An amicus brief filed in support of Guam by attorneys general from 24 states, the District of Columbia and the Northern Mariana Islands is extraordinary because the states are evenly divided between red states and blue states and large states and small states, from all regions of the nation. The AGs maintain that only settlements that conclusively resolve CERCLA liability can trigger Section 113(f)(3)(B)’s statute of limitations. They argue that the D.C. Circuit’s decision “disincentivizes settlement and makes for slower, pricier cleanup contrary to CERCLA’s purpose and antithetical to States’ interests.” They maintain that the United States, which operates military bases often associated with toxic contaminants, should not be able to saddle states and territories with a disproportionate financial burden by evading CERCLA liability. They also maintain that the decision below conflicts with “fundamental principles of federalism” because it could restrict states’ ability to use state law to facilitate cleanup of contaminated sites.
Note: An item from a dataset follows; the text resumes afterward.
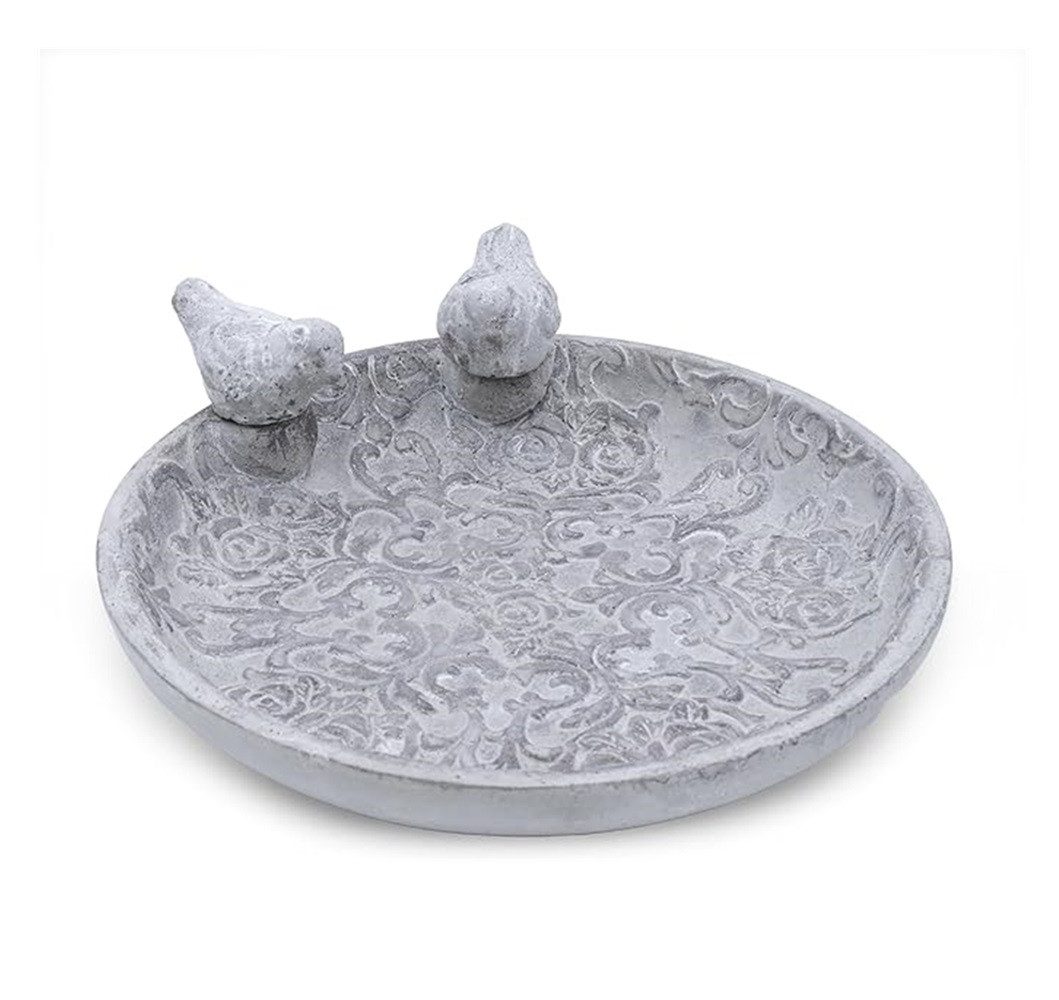Beton Vogeltränke, Landhaus Vogelbad, Futterplatz aus Beton mit zwei Vögeln. Zwei Vögelchen haben sich bereits eingefunden. Wir empfehlen dringend diesen Artikel keinem Frostwetter auszusetzen. Frost und Eis entwickeln eine große Sprengkraft und können bekanntlich die schönste Gartendekoration zerstören.
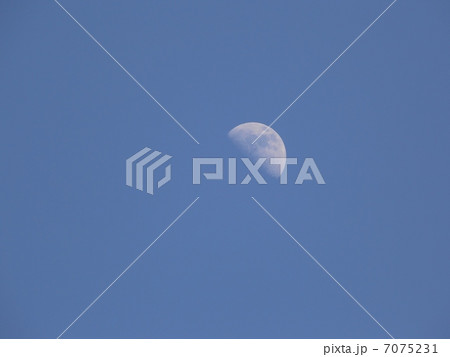 白い半月 昼間の空

Last term in Atlantic Richfield Co. v. Christian, the court rejected an invitation by Atlantic Richfield, the owner of an enormous Superfund site, to use CERCLA to preempt all state law remediation actions. Atlantic Richfield has now filed an amicus brief supporting the United States in the Guam case because a three-year statute of limitations would bar another company (Asarco) from recovering millions from Atlantic Richfield in a contribution action. The brief argues that Guam’s approach would “allow settling parties to delay indefinitely before pursuing contribution, prejudicing non-settling [parties] and jeopardizing the evidence necessary to fairly determine parties’ relative contributions.” Atlantic Richfield argues that Guam’s position “would create massive opportunities for gamesmanship and sandbagging.”
In its reply brief, Guam argues that the federal government’s position would discourage settlements “across a broad spectrum of other environmental laws.” It states that defendants “in non-CERCLA actions will be less likely to settle if, despite their continued possible exposure to CERCLA liability, the settlement suddenly triggers an exclusive three-year timer to discover the full extent of the problem, identify all other responsible parties, and bring suits against them — or else forfeit any possible CERCLA recovery down the road.”
Guam v. United States shows that, more than 40 years after CERCLA was enacted, courts still are wrestling with legal questions not clearly resolved by the statutory language. In the Atlantic Richfield decision, Justice Samuel Alito’s opinion concurring in part and dissenting in part described Section 113 as “a puzzle with pieces that are exceedingly difficult, if not impossible, to fit together.” On Monday, the court will examine another piece of that puzzle.